OpenBytes, a new LSF project that aims to make open data more available and accessible

During the Linux Foundation Membership Summi, the Linux Foundation unveiled two major new projects «OpenBytes and the NextArch Foundation ».

One of them "OpenBytes" is the product of a partnership with the Graviti dataset management platform and states that the project promises to be an 'open data community' as well as a new standard and data format primarily for artificial intelligence applications, while NextArch, spearheaded by Tencent, is dedicated to creating software development architectures that support a variety of environments.

The goal of the OpenBytes project is to reduce legal risks for organizations and individuals interested in sharing their data sets with other AI / ML projects. Data controllers are often hesitant to share their data sets due to concerns about licensing restrictions.

According to the Linux Foundation, being able to assure data administrators that their data rights are protected and that their data will not be misused will help make more data sets open and accessible.

“The OpenBytes project and community will benefit all AI developers, academics and professionals by alike, large and small companies, as they provide access to higher quality open data sets and make companies
AI deployments are faster and easier, ”said Mike Dolan, general manager. and senior vice president of projects
from the Linux Foundation.

The legal risks of artificial intelligence and machine learning can be seen in several recent lawsuits. Last year, for example, IBM was charged with violating the Illinois Biometric Privacy Act when it used photographs of the plaintiff in its Variety of Faces dataset. Additionally, separate lawsuits were filed last year against Amazon, Google, Microsoft, and facial recognition company FaceFirst for allegedly using this data set to train their facial recognition algorithms.

Based on this, OpenBytes will enable a community of developers and data scientists, led by Graviti, to create standards and data formats that allow everyone to contribute.

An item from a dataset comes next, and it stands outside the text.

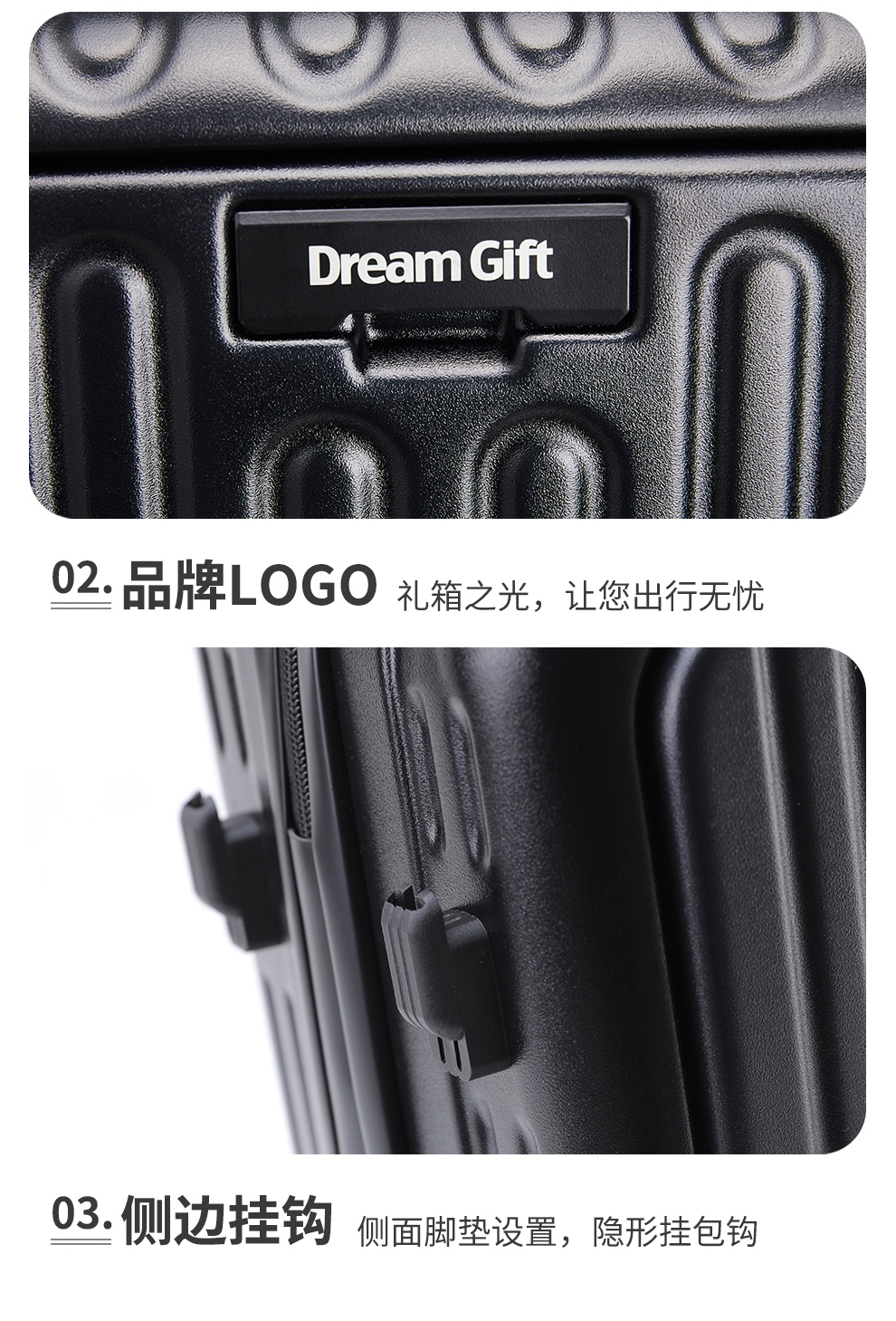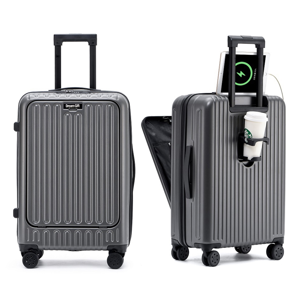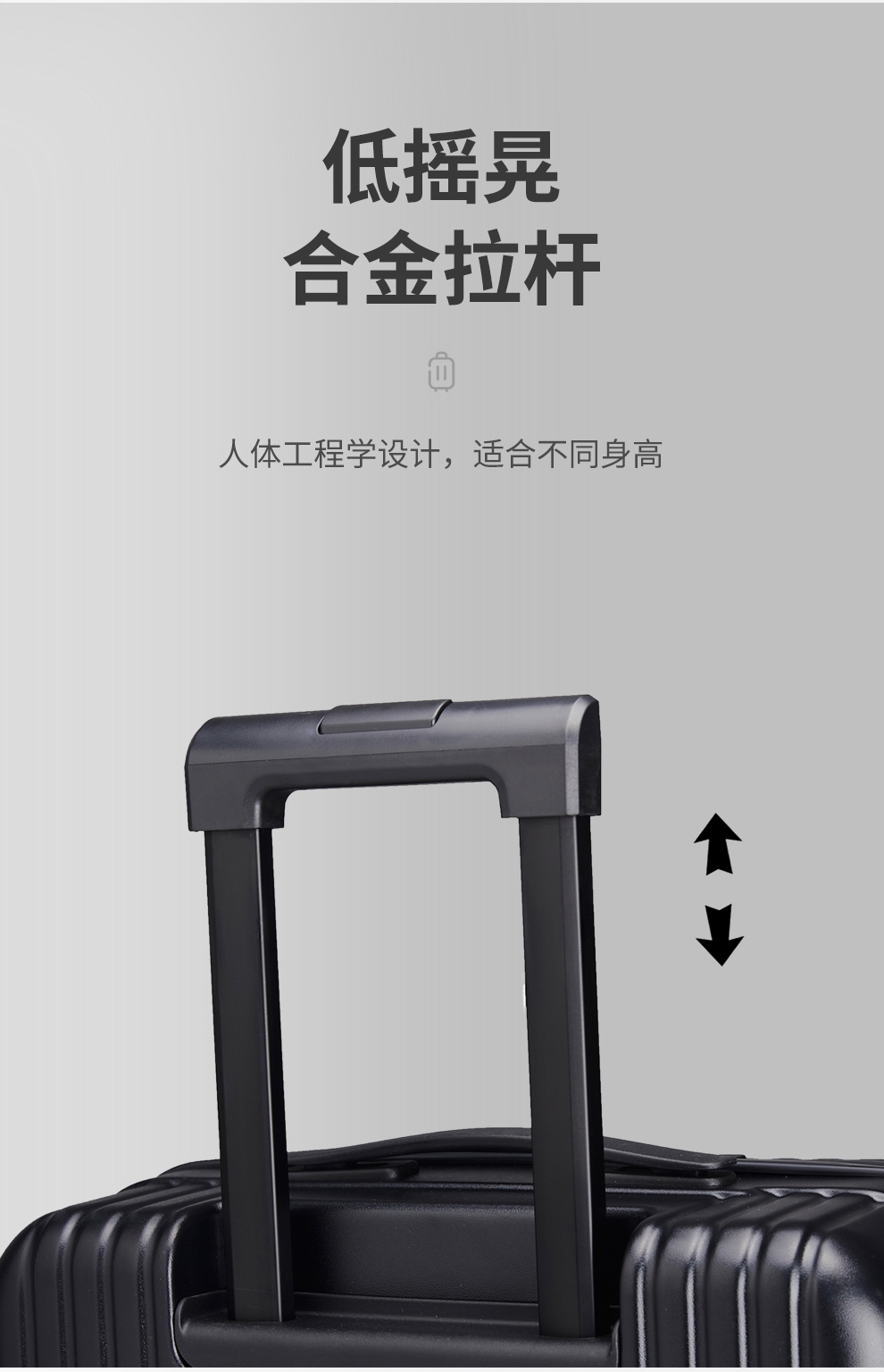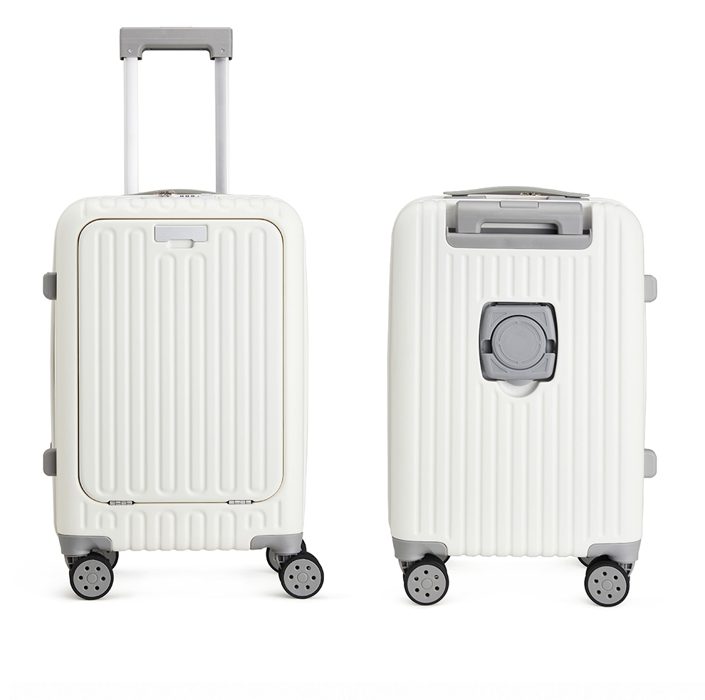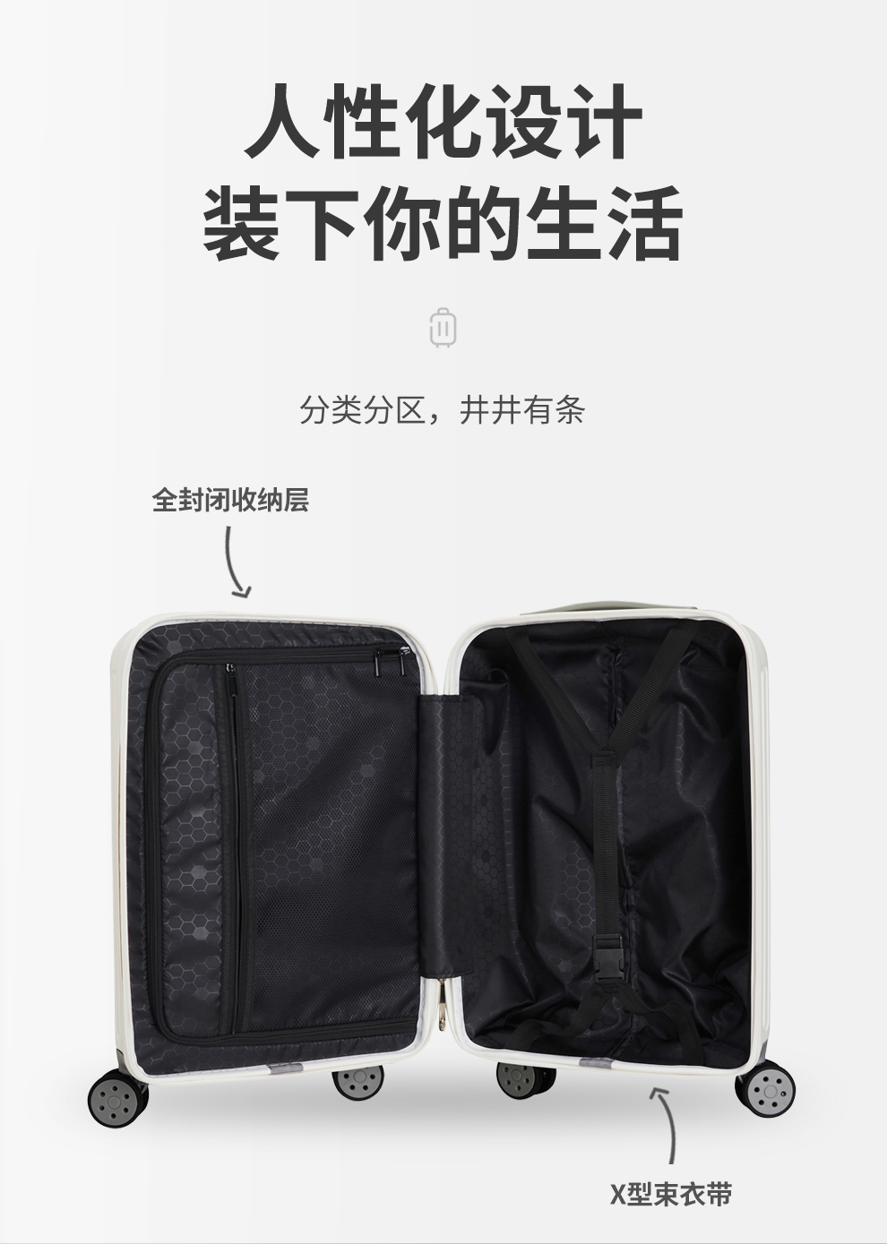行李箱前开口设计,前置空间可放办公用品包括笔记本;方便随时拿取;侧面脚垫设置隐形挂包钩,背部设置了水杯架

"For a long time, dozens of artificial intelligence projects have been held back by a widespread lack of high-quality data from real-world use cases," says Edward Cui, founder of Graviti and a former machine learning expert in the group of advanced technologies from Uber. . “Acquiring better data is essential for AI development to advance. To achieve this, there is an urgent need to create an open data community based on collaboration and innovation. Graviti believes that it is our social responsibility to play our role.

When creating an open data format and standard, The OpenBytes project can reduce liability risks for data contributors. Owners of data sets are often reluctant to share them publicly due to their lack of knowledge of the different data licenses. If data providers understand that ownership of your data is well protected and will not be misused, more open data will be accessible.

The OpenBytes project will also create a standard format for published, shared and exchanged data on your open platform. A unified format will help data providers and consumers easily find the relevant data they need and facilitate collaboration. These OpenBytes features will make high-quality data more available and accessible, which is valuable to the entire AI community and will save resources on repetitive data collection.

“The OpenBytes project and community will benefit all AI developers, whether academic or professional, in companies large or small, by enabling access to more high-quality open data sets and making AI implementation more quick and easy, ”says Mike Dolan, CEO and senior vice president of projects for the Linux Foundation.

Finally, if you are interested in knowing more about it, you can consult the details In the following link.

The content of the article adheres to our principles of editorial ethics. To report an error click here!.

Be the first to comment

Leave a Comment

Your email address will not be published.



  1. Responsible for the data: Miguel Ángel Gatón
  2. Purpose of the data: Control SPAM, comment management.
  3. Legitimation: Your consent
  4. Communication of the data: The data will not be communicated to third parties except by legal obligation.
  5. Data storage: Database hosted by Occentus Networks (EU)
  6. Rights: At any time you can limit, recover and delete your information.